先日(3月頭)チョムスキーがある論稿を発表しました。
http://www.alternet.org/noam-chomsky-can-civilization-survive-capitalism

"Can Civilization Survive Capitalism?"と題されたその論稿はやはりアメリカ社会の現状を憂うもので、いつも通り、その現状を痛烈に批判しています。論稿の中で、チョムスキーは今のアメリカの民主主義を"really existing capitalist democracy"、略して"RECD"と呼び、これは真の民主主義とは呼べないと指摘しています。民主主義とは本来公共の意思がしっかりと反映される形で政策が策定・実行される政治体制を意味し、現状のRECDは"plutocracy"(金権政治)であり、その本来の民主主義から大きく乖離していると。

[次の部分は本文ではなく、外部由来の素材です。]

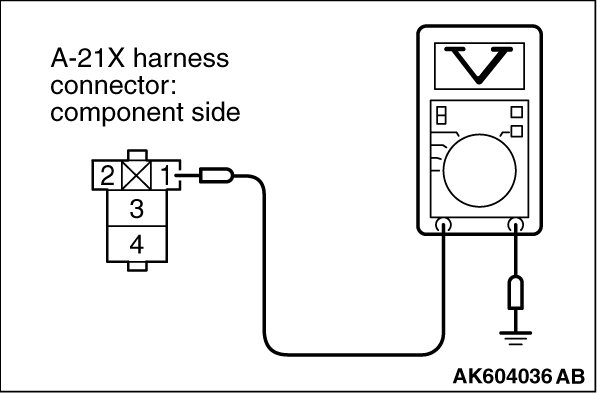 STEP 8. Measure the power supply voltage at injector relay harness side connector A-21X.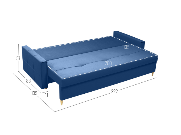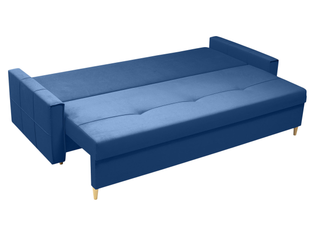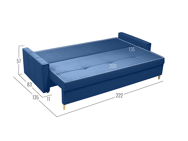 Прямой диван Толедо — простая и основательная модель с привлекательным дизайном, которую можно установить не только вдоль стены, но и в любой части комнаты, создав эффектное зонирование. Раскладной механизм быстро превращает диван в ровное спальное место, а просторный бельевой ящик создает дополнительную нишу для хранения постельных принадлежностей. Небольшие ножки визуально облегчают конструкцию дивана, также упрощают процесс уборки под ним.

2003年に和訳が発行された著書「メディア・コントロール」の中で、チョムスキーは2つの民主主義社会について述べています。一つは「一般の人びとが自分たちの問題を自分たちで考え、その決定にそれなりの影響をおよぼせる手段をもっていて、情報へのアクセスが開かれている環境にある社会」であり、もう一つは「一般の人びとを彼ら自身の問題に決してかかわらせてはならず、情報へのアクセスは一部の人間のあいだだけで厳重に管理しておかなければならないとするもの」です。チョムスキーは後者の民主主義こそ現在のアメリカにおける民主主義であるとしており、今回の論稿はこれらのことを改めて指摘したものと言えます。

チョムスキーのこれらの指摘は、現在の(基本的にはアメリカにおける)企業と政治の関係に対する彼の否定的な(というよりはこれを完全に否定する)見方と密接に関わっています。彼の指摘は決して難しいものではありません。むしろ単純とすら思えます。要は企業が主に広告主としてマスメディアに影響を与え、またロビー活動や献金を通じて政治に強い影響力を及ぼしている、それらの結果アメリカの真の意味での民主主義が衰退している、というものです。

今回の論稿におけるチョムスキーの主張のポイントは、現在のアメリカの民主主義が特定の利権集団の便益を偏重するシステムとなってしまっているという点だと思います。そして中でも強力な力を持っている利権集団の一つが企業だということです。チョムスキーがその著書や講演等で特に問題視している企業の影響力は以下の3点です。
  • 政治への影響力
  • マスメディアへの影響力
  • 従業員への影響力
次回以降でこの3点について私が思うことを書き、社会における企業のあり方について考察を深めたいと思います。